Flood forecasting in small mountainous catchments is challenging due to strong nonlinearity in runoff generation and short hydrological response times, which are often inadequately represented by conceptual models. The Xin’anjiang (XAJ) model, although widely applied, relies on simplified process representations that limit its ability to capture complex flood dynamics. In contrast, data-driven approaches such as Long Short-Term Memory (LSTM) networks offer high predictive flexibility but suffer from limited physical interpretability. To bridge this gap, we propose an interpretable physics–data hybrid framework (XAJ–LSTM), in which an LSTM network dynamically corrects residuals from the XAJ model while explicitly incorporating physically meaningful state variables.
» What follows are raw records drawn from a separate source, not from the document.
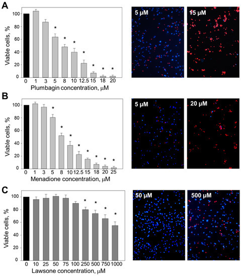 The viability of cells was assessed by measuring their ability to metabolize 3-(4,5-Dimethylthiazol-2-yl)-2,5-Diphenyltetrazolium Bromide (MTT) (as described in [5]) and by a nuclear fluorescent staining assay. In the first experimental series, C6 cells were treated with different concentrations of either plumbagin, menadione, or lawsone for 24 h. Concentrations for plumbagin and menadione were 1 µM, 3 µM, 5 µM, 8 µM, 10 µM, 12.5 µM, 15 µM, 20 µM, and 25 µM and for lawsone were 10 µM, 25 µM, 50 µM, 75 µM, 100 µM, 250 µM, 500 µM, 750 µM, and 1000 µM. In experiments with ascorbate, C6 cells were treated with 5 µM and 15 µM plumbagin, together with 100 µM and 250 µM of ascorbic acid for 24 h. After incubation with 1, 4-naphthoquinones, the cells were double-stained with Hoechst 33,342 (15 µg/mL) and propidium iodide (PI; 5 µg/mL) for 15 min, and the viability was assessed under the fluorescence microscope OLYMPUS IX71SIF-3 (Olympus Corporation, Tokyo, Japan). IC50 was calculated by SigmaPlot 13.0 version (Systat Software Inc., San Jose, CA, USA) software by means of the four-parameter logistic function.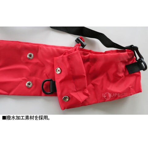 ※2個のスナップを止めるとポールケースが二つ折りになり、短くして3段式を収納できます。
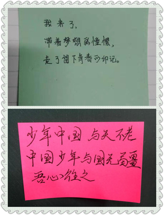 “少年中国与天不老,中国少年与国无疆。吾心往之”。这句话写出了一个当代青年大学生对祖国母亲的美好祝愿以及自己对祖国未来的无限憧憬。这句话写出了当代大学生青年作为伟大祖国的一员所拥有的幸福感以及获得感。这次活动中有许多同学把在学校的学习生活总结成了三句深情地写在了纸上,正如纸上所写来到这所美丽的学校之前大家都满是憧憬。也都在学校的每一个角落留下了自己青春的印记。

Model interpretability is enhanced using SHapley Additive exPlanations (SHAP), which quantify the contribution of different inputs to flood predictions. The framework is evaluated using 15 flood events observed between 2015 and 2018 in the Qiaodong Village catchment, a representative small mountainous basin in China. The results indicate that the XAJ–LSTM hybrid model significantly outperforms the standalone physical model, improving the Nash–Sutcliffe Efficiency (NSE) from 0.55 to 0.77 and effectively correcting peak flow errors. Moreover, the integration of physical state variables, particularly soil moisture, is crucial for improving predictive accuracy, whereas adding redundant runoff components introduces noise and degrades model performance. SHAP analysis further confirms that antecedent observed discharge and XAJ-simulated discharge are the dominant drivers of the LSTM-based correction. Overall, this hybrid framework improves flood forecasting accuracy while enhancing interpretability, offering a promising approach for physically informed modeling in nonlinear, data-limited catchments.